Start by defining what “correct” means

Before you write evals, define the contract for your LLM app. This contract should describe what the system must do, what it must refuse, what tools it may call, and what output shape downstream code expects.

For example, a support triage agent might have this contract:

  • Classify the ticket into one of 12 allowed categories.
  • Extract account ID, urgency, product area, and requested action when present.
  • Never invent policy details when the knowledge base does not contain an answer.
  • Call the refund eligibility tool before suggesting a refund.
  • Return valid JSON that matches the production schema.
  • Escalate if the user mentions legal action, self-harm, payment fraud, or account takeover.

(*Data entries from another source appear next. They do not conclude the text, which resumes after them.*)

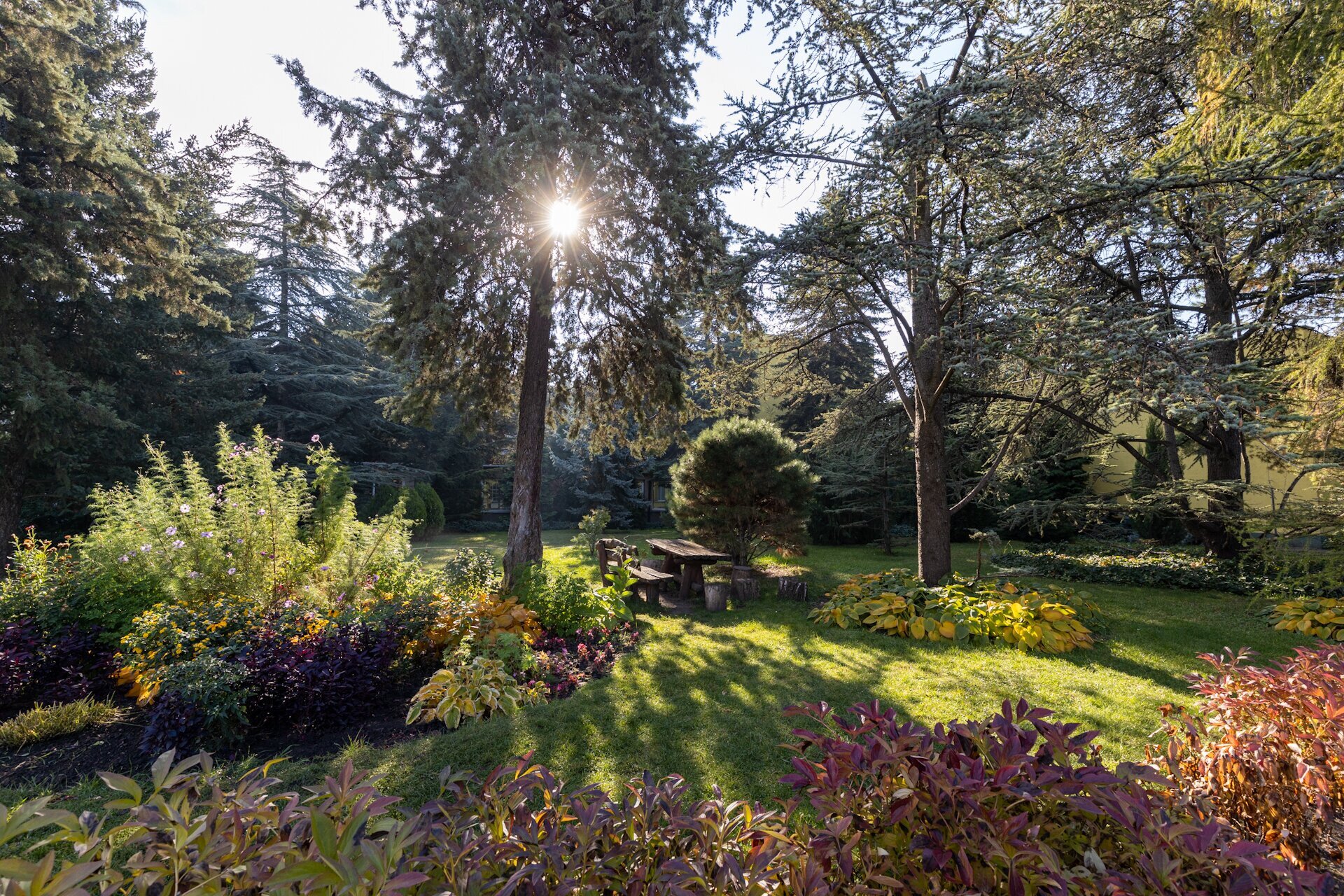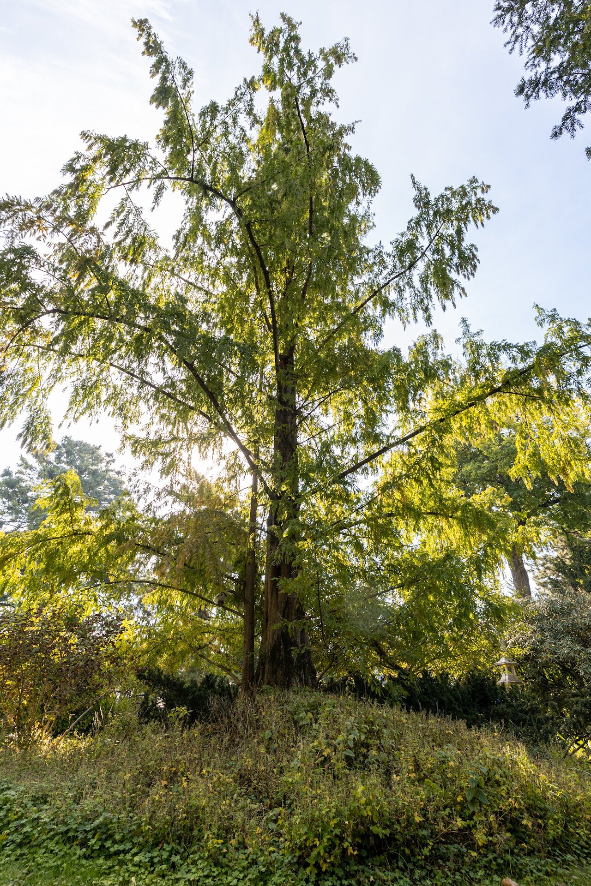 A kert egyik gyönyörű páfrányfenyője még éppen csak elkezdett sárgulni
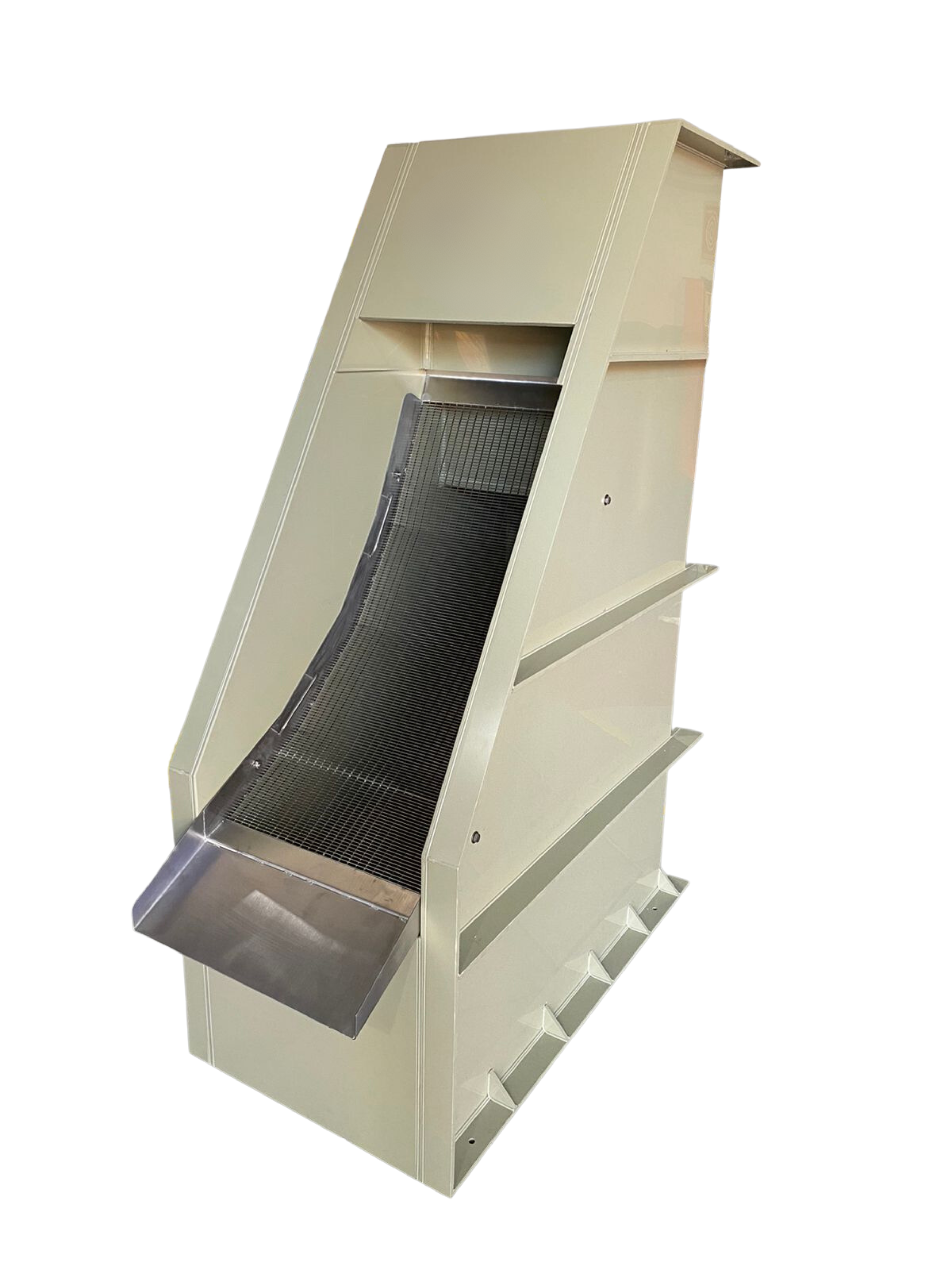 Equipamento responsável por promover a retenção de sólidos em suspensão presentes nos efluentes brutos. Equipamento com tela fabricada em aço inox AISI 304, dotado de um elemento filtrante de forma parabolóide em perfis trapeziformes. A remoção dos sólidos retidos e depositados na parte inferior do elemento filtrante é executada manualmente.
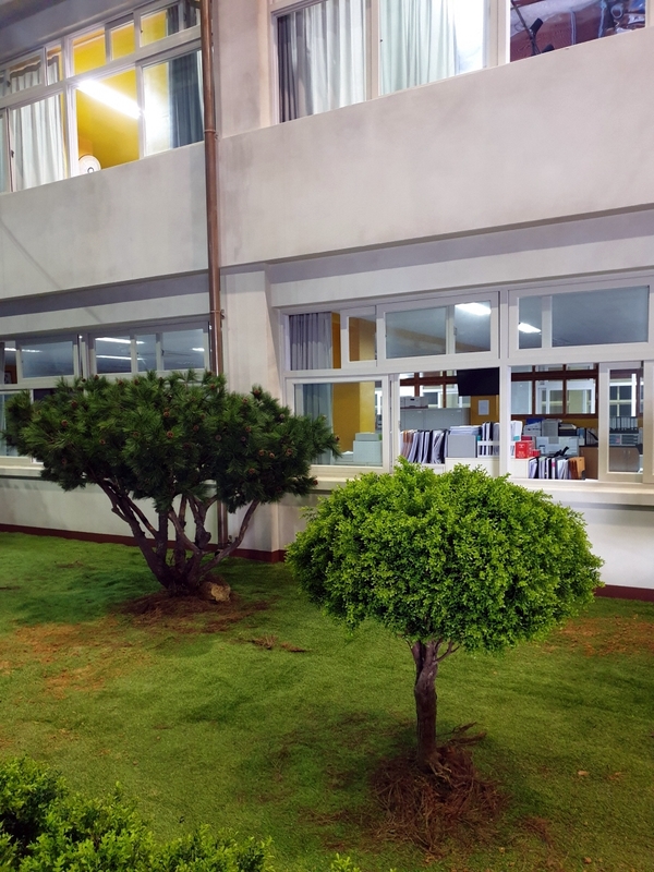 바닥에 인조잔디를 깔고, 반송과 둥근 회양목을 세팅했어요
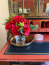 Simply classic and beautiful! Our red roses drop-in bouquet features 2 types of realistic faux garden roses along with winter greens and variegated pittosporum leaves. Hand tied with a deep red velvet bow. Vase not included
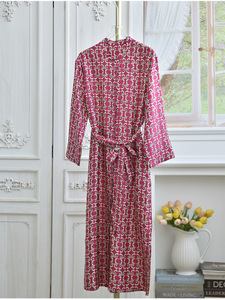 高端18姆米重磅真丝连衣裙鲤鱼印花中长裙9分袖腰带修身女早秋款
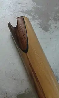 L'autre matériau souvent utilisé, c'est le bois précieux. Étant donné la complexité qu'implique la production d'un tube ouvert, parfaitement cylindrique et de parois assez fines à partir d'un bloc de bois, ce matériau est utilisé principalement par les charpentiers ou ébénistes qui ont une expérience du maniement des machines-outils de tournage sur bois, et par les luthiers spécialisés[35].
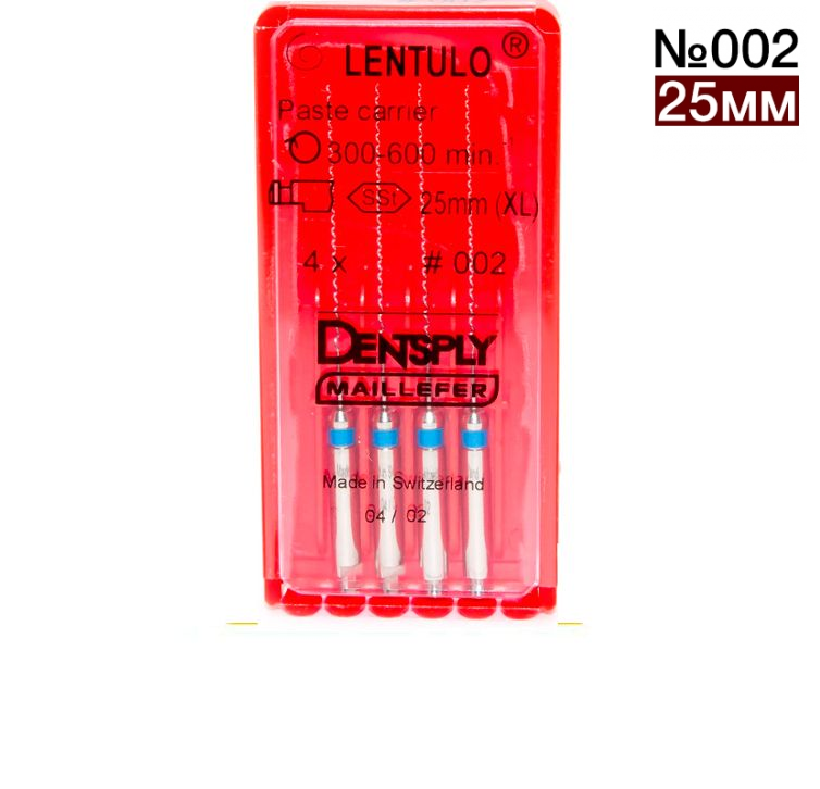 - Лентуло Dentsply Maillefer поставляются в наборах по 4 штуки, упакованных в пластиковой кассете. Инструмент нестерильный, перед использованием требуется автоклавирование.
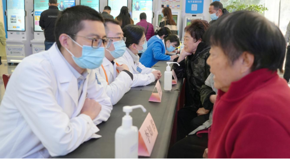 上午,在广元市中心医院门诊大厅1楼的义诊现场,呼吸与危重症医学科的专家团队为前来咨询的市民提供免费血压检测、病情诊断、用药指导等服务。
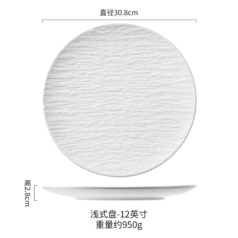 • 12inch 스톤 패턴 얕은 접시 [하유색 흰색]

This turns vague quality feedback into testable behavior. It also prevents the team from arguing over whether an output “feels good” after a prompt change.

Version the prompt, model settings, and workflow before testing

Freeze the candidate build before you run launch tests. Store the prompt, system message, model, temperature, retrieval settings, tool definitions, routing logic, and output parser together.

If you change the prompt halfway through testing, restart the relevant evals. Otherwise, your results mix multiple candidates and tell you very little.

At minimum, record:

  • Prompt version or commit hash
  • Model name and provider
  • Temperature, max tokens, top-p, and seed if supported
  • Tool schemas and tool descriptions
  • Retrieval index version and chunking settings
  • Eval dataset version
  • Evaluator version, including rubric changes

This matters when a launch candidate fails and you need to know whether the regression came from the prompt, model, retrieval layer, or evaluator.

Build an eval dataset that looks like production

A useful pre-launch dataset includes normal cases, edge cases, policy-sensitive cases, and examples pulled from production-like traces. Do not rely on a tiny set of handpicked happy paths.

A practical starting size for many teams:

  • 20 to 50 smoke tests: fast checks for schema validity, basic routing, and obvious failures.
  • 100 to 300 regression examples: common user requests, known bugs, and core product flows.
  • 50 to 150 edge cases: ambiguous inputs, missing context, adversarial phrasing, policy boundaries, and low-quality documents.
  • 500 or more trace replay examples: sampled from beta users, internal dogfooding, or historical logs when available.

For each row, store more than the input. Include the expected behavior, unacceptable behavior, metadata, and any context fixture needed to run the example repeatably.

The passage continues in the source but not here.